May marks the season of commencements, which provide graduates with the opportunity to reflect on the lessons of their university careers and imagine the future. The themes of commencement speeches recur, but every speaker adds a unique tone to the ceremonies. In this post, the Red Thread Foundation for Women glimpses into two 2012 commencement speeches rife with wisdom.

In a much-quoted address to the University of the Arts in Philadelphia, novelist Neil Gaiman everything he wished he knew when he began his career and shared some of the best advice that he failed to follow:

And remember that whatever discipline you are in, whether you are a musician or a photographer, a fine artist or a cartoonist, a writer, a dancer, a designer, whatever you do you have one thing that’s unique. You have the ability to make art.

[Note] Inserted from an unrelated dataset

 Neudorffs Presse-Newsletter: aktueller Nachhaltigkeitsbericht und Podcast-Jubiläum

And for me, and for so many of the people I have known, that’s been a lifesaver. The ultimate lifesaver. It gets you through good times and it gets you through the other ones.

Life is sometimes hard. Things go wrong, in life and in love and in business and in friendship and in health and in all the other ways that life can go wrong. And when things get tough, this is what you should do.

Make good art.

I’m serious. Husband runs off with a politician? Make good art. Leg crushed and then eaten by mutated boa constrictor? Make good art. IRS on your trail? Make good art. Cat exploded? Make good art. Somebody on the Internet thinks what you do is stupid or evil or it’s all been done before? Make good art. Probably things will work out somehow, and eventually time will take the sting away, but that doesn’t matter. Do what only you do best. Make good art.

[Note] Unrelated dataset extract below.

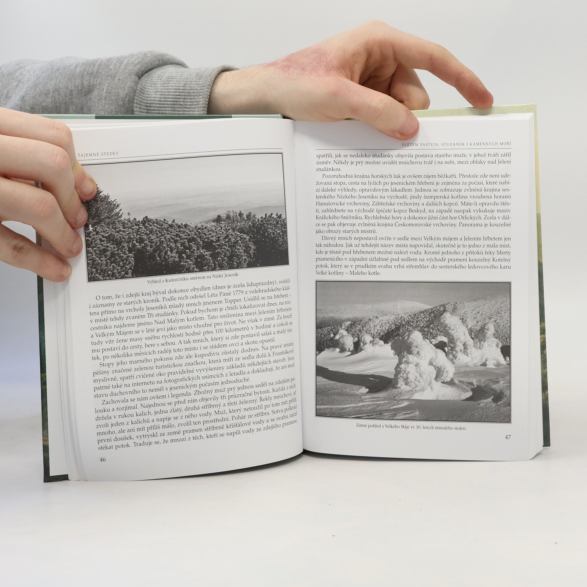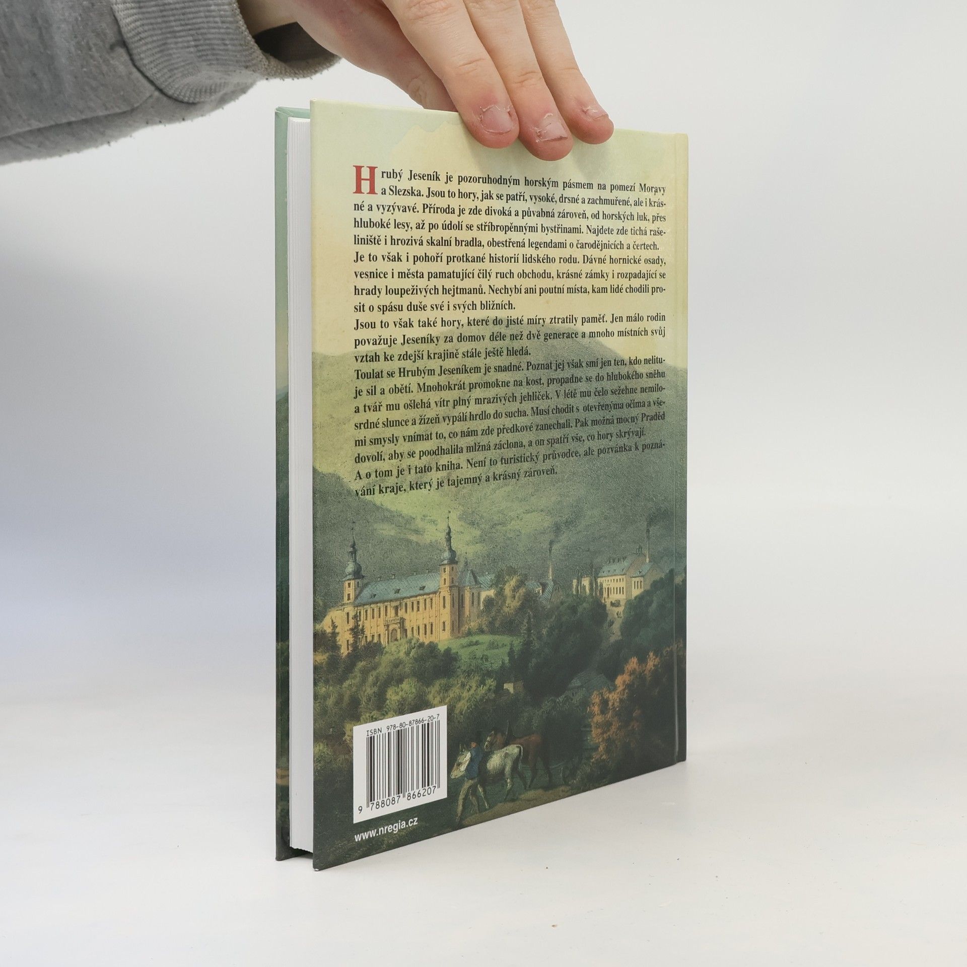 Hrubý Jeseník je pozoruhodným horským pásmem na pomezí Moravy a Slezska. Jsou to hory, jak se patří, vysoké, drsné a zachmuřené, ale i krásné a vyzývavé. Příroda je zde divoká a půvabná zároveň, od horských luk, přes hluboké lesy, až po údolí se stříbropěnnými bystřinami. Najdete zde tichá rašeliniště i hrozivá skalní bradla, obestřená legendami o čarodějnicích a čertech. Je to však i pohoří protkané historií lidského rodu. Dávné hornické osady, vesnice i města pamatující čilý ruch obchodu, krásné zámky i rozpadající se hrady loupeživých hejtmanů. Nechybí ani poutní místa, kam lidé chodili prosit o spásu duše své i svých bližních. Jsou to však také hory, které do jisté míry ztratily paměť. Jen málo rodin považuje Jeseníky za domov déle než dvě generace a mnoho místních svůj vztah ke zdejší krajině stále ještě hledá. Toulat se Hrubým Jeseníkem je snadné. Poznat jej však smí jen ten, kdo nelituje sil a obětí. Mnohokrát promokne na kost, propadne se do hlubokého sněhu a tvář mu ošlehá vítr plný mrazivých jehliček. V létě mu čelo sežehne nemilosrdné slunce a žízeň vypálí hrdlo do sucha. Musí chodit s otevřenýma očima a všemi smysly vnímat to, co nám zde předkové zanechali. Pak možná mocný Praděd dovolí, aby se poodhalila mlžná záclona a on spatří vše, co hory skrývají. A o tom je i tato kniha. Není to turistický průvodce, ale pozvánka k poznávání kraje, který je tajemný a krásný zároveň.

He also encouraged graduates to embrace their vulnerability, by saying that “the moment that you feel that, just possibly, you’re walking down the street naked, exposing too much of your heart and your mind and what exists on the inside, showing too much of yourself. That’s the moment you may be starting to get it right.”

Gaiman did not fail to acknowledge the anxiety and worry that plagues recent graduates and seasoned professionals alike:

I worried about it. I worried about the next deadline, the next idea, the next story. There wasn’t a moment for the next fourteen or fifteen years that I wasn’t writing something in my head, or wondering about it. And I didn’t stop and look around and go, this is really fun. I wish I’d enjoyed it more. It’s been an amazing ride. But there were parts of the ride I missed, because I was too worried about things going wrong, about what came next, to enjoy the bit I was on.

That was the hardest lesson for me, I think: to let go and enjoy the ride, because the ride takes you to some remarkable and unexpected places.

Harvard University President Drew Faust extolled the role of luck in our lives. In her Baccalaureate address titled “The Updraft of Inexplicable Luck“, she posited:

Recognize your own good fortune. It is a relief. Once you do, being extraordinary is no longer the point. The point is to be a worthy person in the world. And when you acknowledge luck, you recognize your connection to those who did not have the same opportunities. […] Merit is hierarchical. The spark of learning, the thing that catches us on fire, is more like a gift, more like luck, more like grace.

Did you hear or read a graduation speech this year that truly resonated with you? Do you remember any insights from speeches at your own graduation? Do share them with us in the comments! Congratulations to the Class of 2012, and happy new beginnings.